Main issues on foreign investment in China’s regional development: prospects and policy challenges

18:37 01 January in ARTICLES, In English, PUBLICATIONS

logooecd_enOECD | 2002

Markus Taube, Professor, University of Duisburg, Germany,
and Mehmet Ögütçü, Principal Administrator, OECD


This paper forms part of an OECD publication entitled “Foreign Direct Investment in China”: Challenges and Prospects for Regional Development” (OECD, 2002). The views expressed in this report do not necessarily reflect those of the OECD or of the governments of its member countries.


Globalisation is increasingly testing the ability of regional economies to adapt and maintain their competitive edge. Performance gaps are widening between regions, and rapid technological change, extended markets and a greater demand for knowledge are offering new opportunities for regional development. Yet this calls for further investment from enterprises, re-organisation of labor and production, upgrading skills and improvements in the local environment. Some regions with poor links to the sources of prosperity, afflicted by environmental problems, migration, and lagging behind in infrastructure and private investment, are finding it difficult to keep up with the general trends.
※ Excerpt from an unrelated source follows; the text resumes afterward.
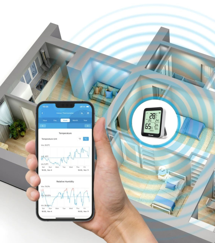 Точное отслеживание погоды Метеостанция Govee H5075 предоставляет точные и своевременные данные о внутренних и внешних условиях окружающей среды. Она измеряет температуру и влажность, что делает её идеальным инструментом для поддержания комфортного климата в доме или офисе Беспроводная связь и удаленный мониторинг Эта метеостанция оснащена беспроводной технологией, позволяющей передавать данные на расстояние до 60 метров. Пользователи могут мониторить погодные условия в режиме реального времени через приложение Govee Home на своем смартфоне, что упрощает доступ к информации в любом месте. Интеграция с умным домом Govee H5075 совместима с многими умными домашними системами, позволяя интегрировать данные о погоде в автоматизированные сценарии дома. Это может включать регулировку термостатов или умных окон в зависимости от изменения температуры или влажности. Интуитивно понятный дисплей На большом ЖК-дисплее отображается всё необходимое: от текущей температуры и влажности до тенденций изменений и исторических данных. Это делает метеостанцию легко читаемой и удобной для пользователей всех возрастов. Адаптивные предупреждения Метеостанция Govee H5075 предлагает персонализированные предупреждения о критических изменениях погодных условий, таких как резкое понижение температуры или повышенная влажность, что может помочь предотвратить возможные проблемы, связанные с погодными условиями. Энергоэффективность и долговечность Метеостанция работает от батарей, что обеспечивает непрерывное мониторинг погоды даже в случае отключения электроэнергии. Низкое энергопотребление гарантирует длительную работу устройства без необходимости частой замены батарей. Универсальное применение Метеостанция Govee H5075 идеально подходит не только для дома, но и для использования в школах, больницах и на предприятиях, где важно поддерживать оптимальный климат. Её можно использовать для мониторинга теплиц, винных погребов и многих других мест, где критичны точные погодные данные.

China is a country, where regional development is of a foremost priority. The population is dispersed, although unevenly, over a huge landmass, with rural regions being inhabited by more than 900 million people, some two-thirds of the population. Since the launch of the economic reforms in 1978, China’s dominant development policies have gradually shifted from ones based on self-reliance to ones favoring comparative advantage and open door policy. A large amount of existing foreign direct investment (FDI) has been located in China’s relatively prosperous coastal regions, without any significant catching up by the interior central and western regions. While the eastern coastal region accounted for 88% of the country’s total FDI during 1978 to 1999, the central region attracted 9% and the western region only a minor fraction of the total $308 billion in FDI inflows.1

Chinese authorities are keen on redressing the growing imbalance in regional distribution of FDI. Foreign investors, however, maintain that conditions are quite difficult in the western region. The provinces that lie inland from China’s coast cover an area almost twice as big as India (56% of the country’s land area) and hold 23% of its population. Their per capita gross domestic product is only2 60% of the national average. But seen as a labor-intensive manufacturing base, the region is plagued by poor transport and infrastructure that outweigh its lower cost structures. The central/western regions may therefore not be able to copy the export-oriented development strategy of the coastal provinces; therefore, a different development strategy would be defined and a different “type” of FDI to be attracted to the hinterland.

In an effort to close this economic gap, the Chinese government launched “the Western Development Strategy” (Xibu Da Kaifa) in January 2000.2 “The Western Development Strategy” constitutes a cornerstone of the Tenth five-year plan (2001-2005), and is an ambitious top-down effort to steer state investment, outside expertise, foreign loans and private capital into the parts of China most in need but least likely to attract aid on their own. The area covered by this strategy includes six provinces (Gansu, Guizhou, Qinghai, Shaanxi, Sichuan, and Yunnan), five autonomous regions (Guangxi, Inner Mongolia, Ningxia, Tibet, and Xinjiang), and one province-level municipality (Chongqing).3

This highly ambitious programme, however, is not undisputed. Some critics point out that increased government spending in the west will reduce the amount of money available for current social programs, health, education and welfare, thereby aggravating the problems at another hot spot of China’s contemporary development process. In the perception of some foreign enterprises, the programme is not tackling all the main issues at stake for foreign investments in the region. In addition, they recognize that the benefits of westward development could take generations to materialize.

This paper looks at the nexus between FDI and regional development in China. Starting point is an account of the diverging economic development in China’s regions and the geographical patterns of FDI-inflows to China. It is followed by some theoretical reflections on the determinants of location choice for FDI and the parameters of inter-regional competition for FDI inflows. The paper will then turn to the concrete experiences of FDI attraction in two regions located in the Chinese coastal belt and the ensuing growth impulses that FDI exerted on their economic development. These two case studies are then employed, as benchmarks against which the potential of FDI-driven growth processes in the Chinese hinterland will be discussed. It also examines the question of how far central and local government might make a contribution to kick-off and promote such a process. The final section will examine the impact of China’s accession to the World Trade organisation (WTO) and its possible consequences for FDI and China’s regional development.